Майне херрен, пожалте бриться!

   Все двадцать секунд, пока аэроплан ввинчивался по спирали в слепой туман облаков, поручик Сомов ужасно боялся разочароваться в своем нюхе, который еще ни разу его не подводил. Что если внизу какая-нибудь ерунда вроде лесной чащи или пустого поля?
   Но чутье, без которого вольному охотнику грош цена, не подвело.
   Земля, представшая взгляду военлета с высоты в тысячу метров, была соблазнительна, как очумевшая от весны девка: ярко-зеленый сарафан лугов с синим горошком луж, серебряный пояс реки, желтые ленточки перекрещивающихся дорог. По одной из них ползла длинная серо-бурая змея. Это полковая колонна двигалась по направлению к мосту.

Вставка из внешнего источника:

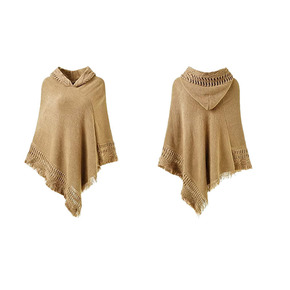 亚马逊跨境欧美秋冬款针织带帽斗篷披肩单色套头针织衫...
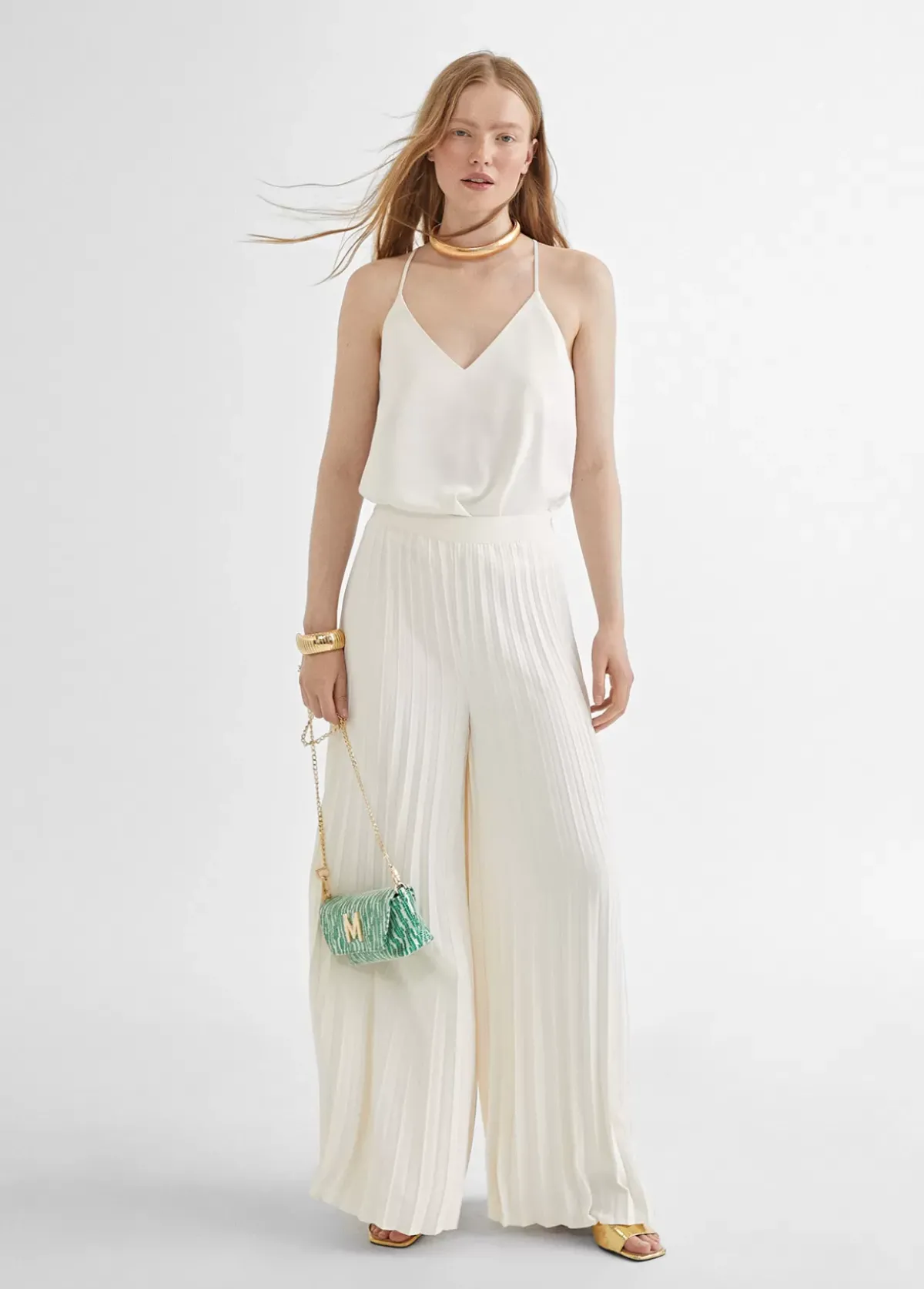 Pantalón plisado y fluído en color blanco. Detalle letra logo dorada en parte trasera.

   Ha коленях у Сомова лежал открытый планшет с «зеленкой», десятиверстной картой.
   Палец летуна безошибочно ткнул в мост через реку Дунаец. Вот что разбомбить бы! Но пятифунтовые бомбочки Орановского и трехфунтовые «груши» Гельгара, которыми был снаряжен легкий «ньюпор», для железного моста, увы, опасности не представляли.
   Зато безмятежно марширующим гансам бритья было не избежать.

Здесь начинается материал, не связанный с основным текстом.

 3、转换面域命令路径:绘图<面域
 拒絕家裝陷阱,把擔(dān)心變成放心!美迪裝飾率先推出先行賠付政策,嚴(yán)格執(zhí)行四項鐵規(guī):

   Выключив мотор, поручик перешел в планирование.
   Пылившая по дороге пехота стремительно приближалась. Теперь она напоминала связку кровяных колбасок: меж плотно сбитыми ротными колоннами — тонкие жилки хозяйственных повозок.
   У летнаба Дубцева, впрочем, возникла иная ассоциация.
   — Как ириски на ниточке! — возбужденно крикнул он. — Ух вы, мои сладенькие! Миша, марципан ты мой! Заходи с хвоста!
   Поручик и сам знал, откуда лучше заходить на бомбометание.
   С земли русский аэроплан пока не заметили. Он выровнялся точно по линии шоссе и стал быстро нагонять германский полк.
   — Чуток полевей! — попросил наблюдатель, он же бомбардир. — Ветер!
   Пилот кивнул. Взял поправку — на глазок.
   — Давай, чего тянешь?
   Прапорщик запел:
   — «Увы, сомненья нет, влюблен я! Влюблен, как мальчик, полон страсти юной!»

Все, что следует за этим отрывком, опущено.